Stored data
■ ■ ■ ■

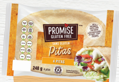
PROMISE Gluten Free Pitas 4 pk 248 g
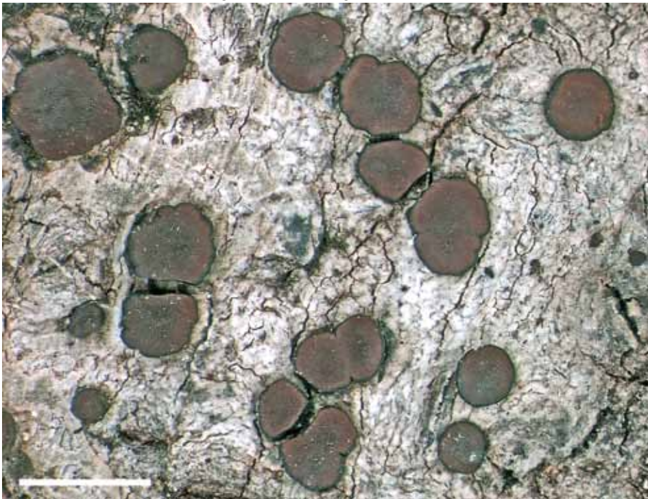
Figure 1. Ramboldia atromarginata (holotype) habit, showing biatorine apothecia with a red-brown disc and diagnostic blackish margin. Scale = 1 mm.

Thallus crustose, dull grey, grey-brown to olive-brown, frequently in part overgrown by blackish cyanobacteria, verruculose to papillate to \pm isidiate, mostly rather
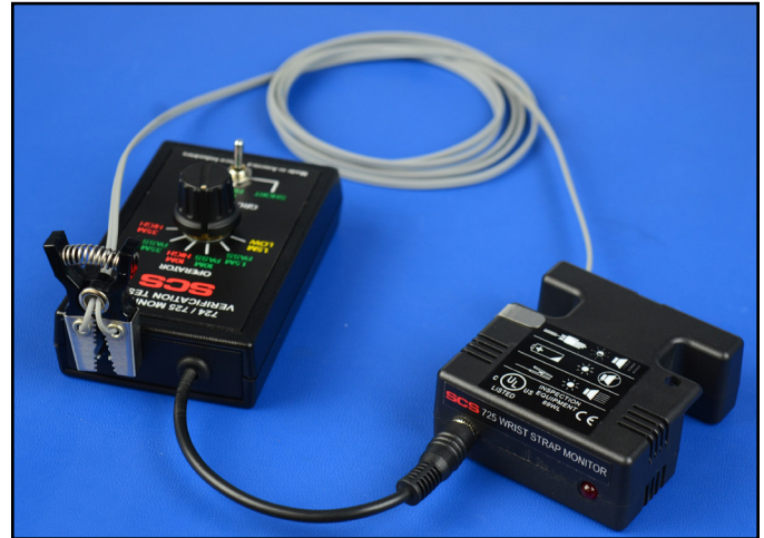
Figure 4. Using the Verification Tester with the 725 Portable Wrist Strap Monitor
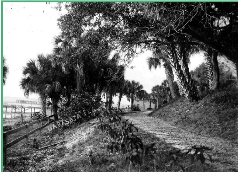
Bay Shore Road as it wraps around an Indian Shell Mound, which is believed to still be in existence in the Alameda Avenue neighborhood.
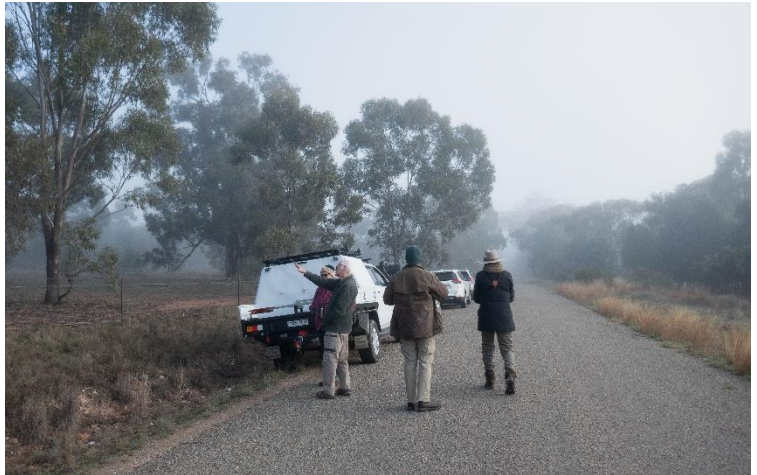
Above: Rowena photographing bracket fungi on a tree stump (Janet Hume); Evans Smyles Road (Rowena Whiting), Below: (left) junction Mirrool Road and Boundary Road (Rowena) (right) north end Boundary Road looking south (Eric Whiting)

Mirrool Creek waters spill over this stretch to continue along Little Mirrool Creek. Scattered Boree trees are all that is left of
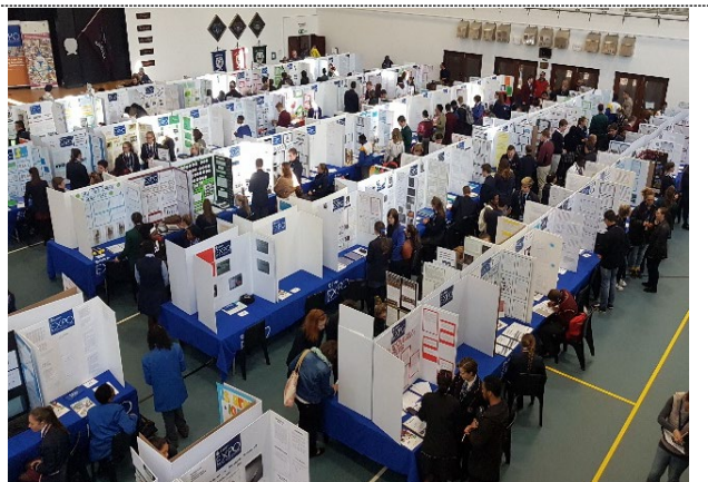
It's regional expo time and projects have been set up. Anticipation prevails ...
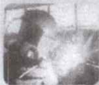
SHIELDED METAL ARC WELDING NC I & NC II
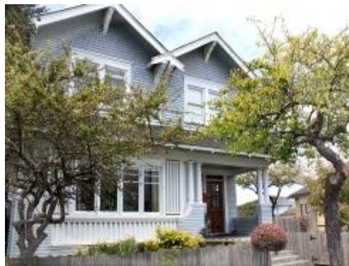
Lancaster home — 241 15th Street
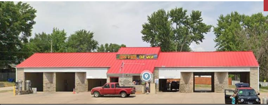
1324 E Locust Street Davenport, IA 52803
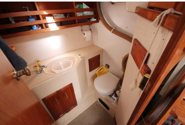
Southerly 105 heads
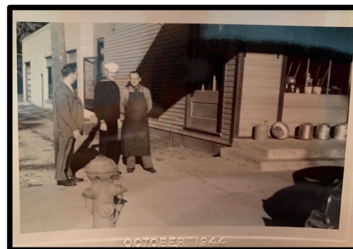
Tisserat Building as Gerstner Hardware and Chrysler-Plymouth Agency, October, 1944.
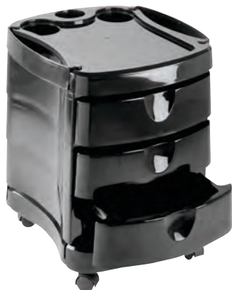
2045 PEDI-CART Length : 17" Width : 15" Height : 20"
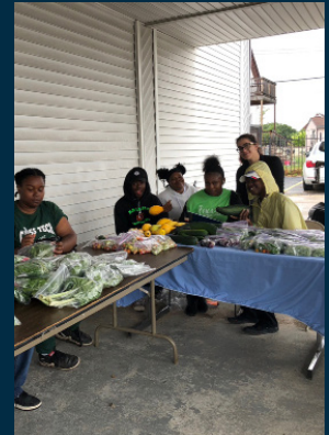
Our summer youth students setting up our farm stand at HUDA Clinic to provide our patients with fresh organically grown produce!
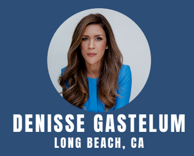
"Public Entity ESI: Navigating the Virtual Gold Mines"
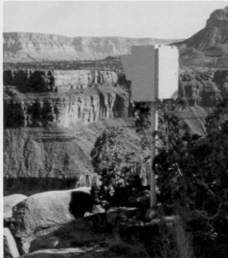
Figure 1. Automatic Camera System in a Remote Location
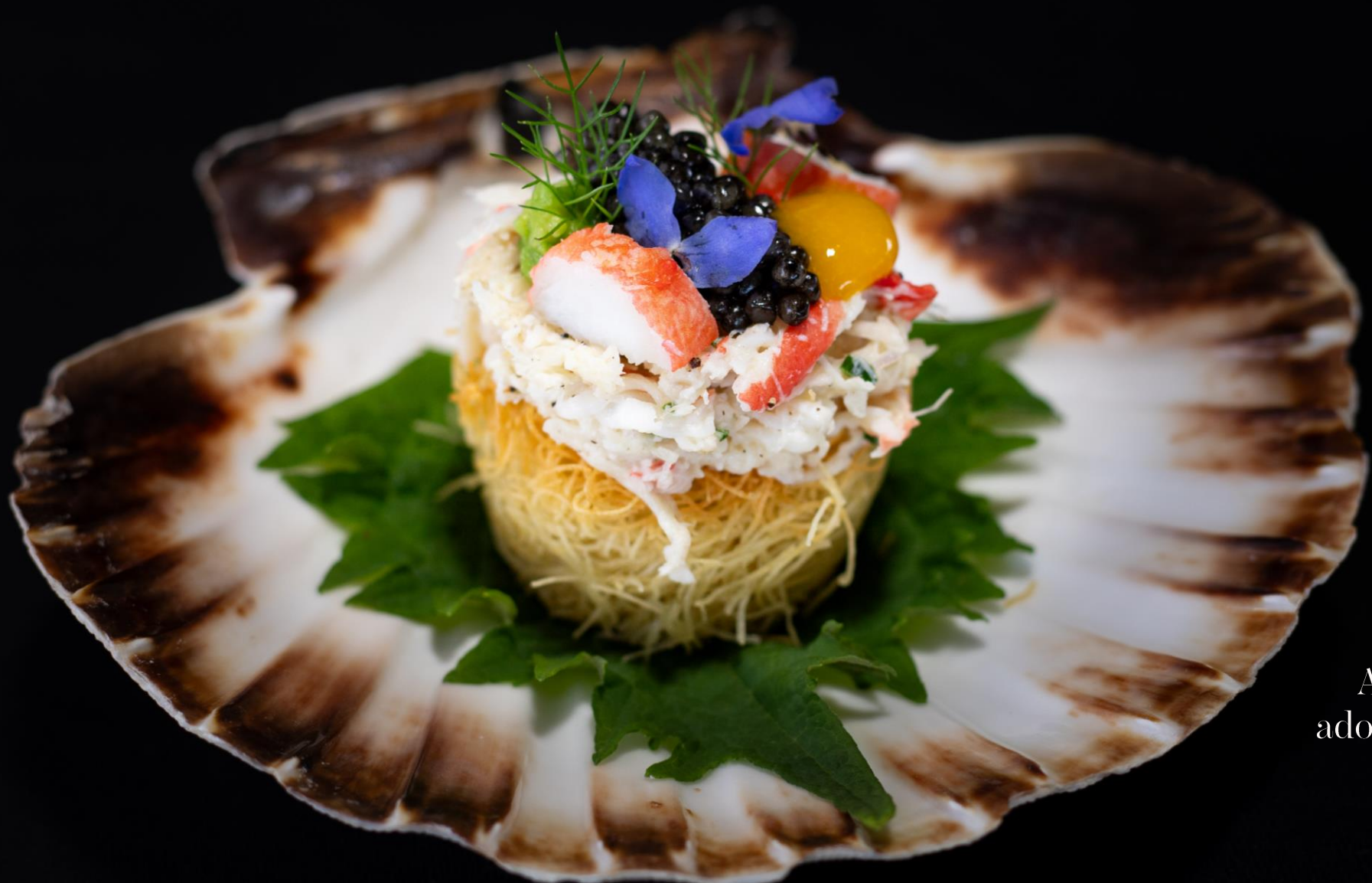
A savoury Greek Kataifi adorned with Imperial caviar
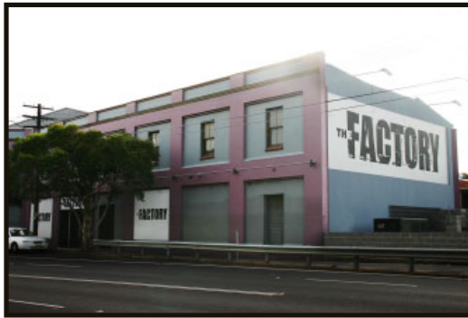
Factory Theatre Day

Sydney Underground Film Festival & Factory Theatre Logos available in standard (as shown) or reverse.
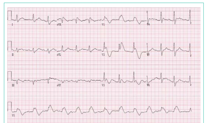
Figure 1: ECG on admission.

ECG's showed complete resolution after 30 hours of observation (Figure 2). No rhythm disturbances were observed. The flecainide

■ ■ ■ ■

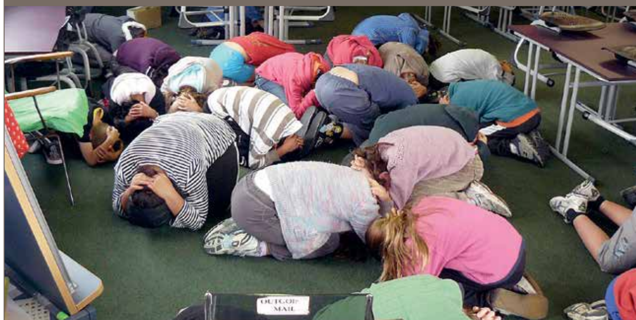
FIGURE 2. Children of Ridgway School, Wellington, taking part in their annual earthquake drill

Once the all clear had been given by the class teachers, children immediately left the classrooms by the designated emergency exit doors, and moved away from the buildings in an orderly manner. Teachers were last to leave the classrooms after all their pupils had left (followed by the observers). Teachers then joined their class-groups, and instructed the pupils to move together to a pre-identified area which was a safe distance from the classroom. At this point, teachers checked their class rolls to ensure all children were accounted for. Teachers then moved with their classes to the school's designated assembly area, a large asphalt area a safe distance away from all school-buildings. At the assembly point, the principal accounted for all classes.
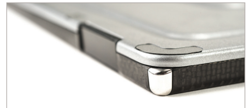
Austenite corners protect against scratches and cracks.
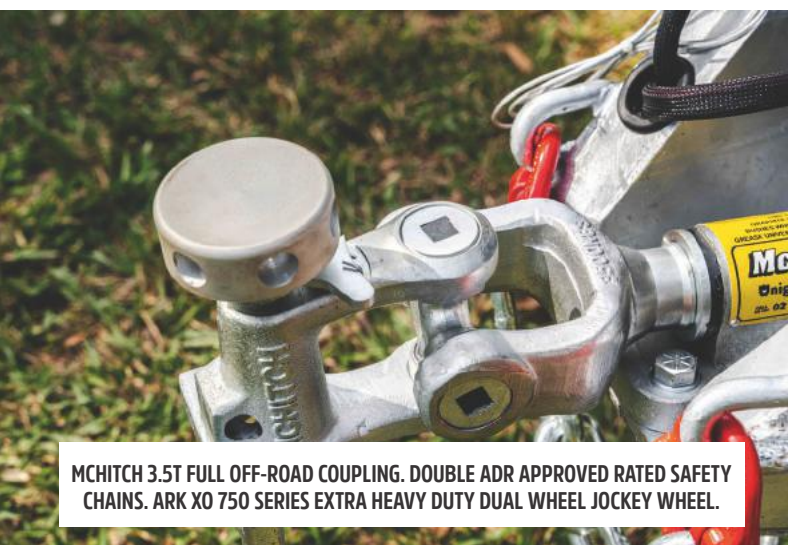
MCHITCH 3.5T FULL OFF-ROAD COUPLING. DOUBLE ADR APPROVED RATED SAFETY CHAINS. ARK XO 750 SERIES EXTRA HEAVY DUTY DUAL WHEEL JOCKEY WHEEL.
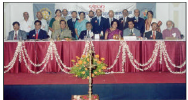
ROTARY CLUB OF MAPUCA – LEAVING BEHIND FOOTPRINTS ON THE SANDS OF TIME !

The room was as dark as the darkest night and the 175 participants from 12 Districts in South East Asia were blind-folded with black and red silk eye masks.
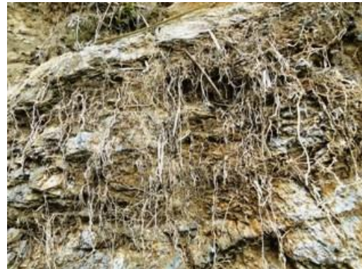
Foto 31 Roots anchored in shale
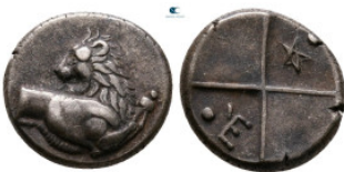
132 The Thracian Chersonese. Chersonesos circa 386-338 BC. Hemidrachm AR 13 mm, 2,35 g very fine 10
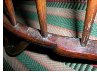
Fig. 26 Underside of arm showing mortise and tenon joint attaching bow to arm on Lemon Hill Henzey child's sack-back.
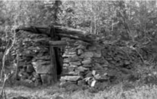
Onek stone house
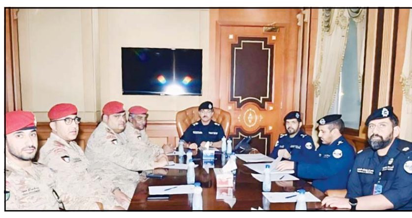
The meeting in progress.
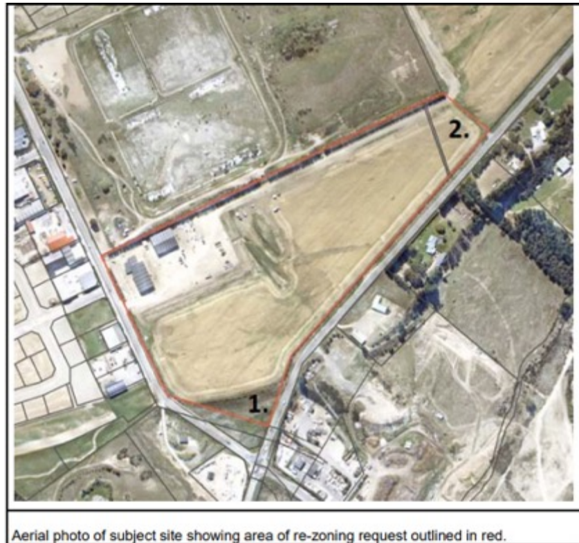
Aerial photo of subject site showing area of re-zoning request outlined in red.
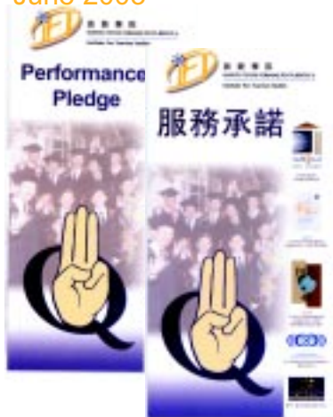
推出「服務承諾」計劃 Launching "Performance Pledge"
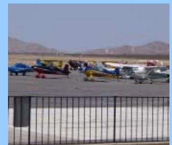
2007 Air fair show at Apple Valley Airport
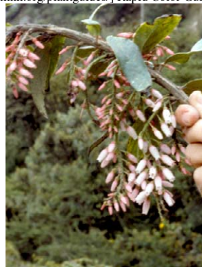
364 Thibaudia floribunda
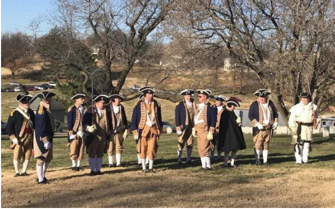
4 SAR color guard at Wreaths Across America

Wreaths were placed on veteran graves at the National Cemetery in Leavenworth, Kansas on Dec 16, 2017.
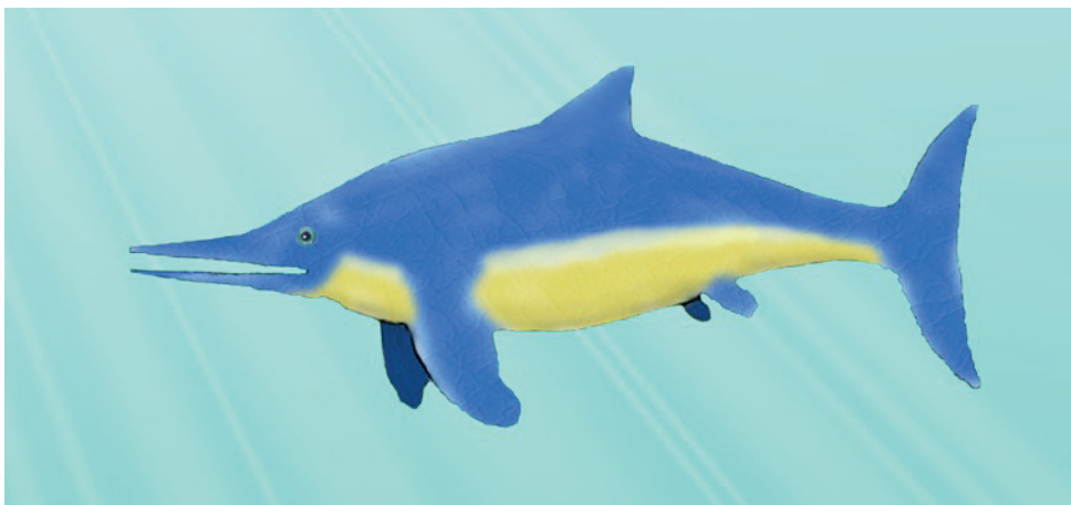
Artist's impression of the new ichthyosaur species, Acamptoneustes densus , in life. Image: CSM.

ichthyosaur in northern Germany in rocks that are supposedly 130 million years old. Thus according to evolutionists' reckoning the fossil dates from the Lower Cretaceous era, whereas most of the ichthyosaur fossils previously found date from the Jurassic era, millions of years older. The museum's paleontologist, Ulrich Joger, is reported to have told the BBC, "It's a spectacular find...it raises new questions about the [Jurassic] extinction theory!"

■ ■ ■ ■

- **Task details**:
With the pictures removed from your copy, retype the lines above from the one that contains "Our summer youth" through the one that contains "ECG's showed complete", exactly.

- **Answer space**:
Our summer youth students setting up our farm stand at HUDA Clinic to provide our patients with fresh organically grown produce!
"Public Entity ESI: Navigating the Virtual Gold Mines"
Figure 1. Automatic Camera System in a Remote Location
A savoury Greek Kataifi adorned with Imperial caviar
Factory Theatre Day

Sydney Underground Film Festival & Factory Theatre Logos available in standard (as shown) or reverse.
Figure 1: ECG on admission.

ECG's showed complete resolution after 30 hours of observation (Figure 2). No rhythm disturbances were observed. The flecainide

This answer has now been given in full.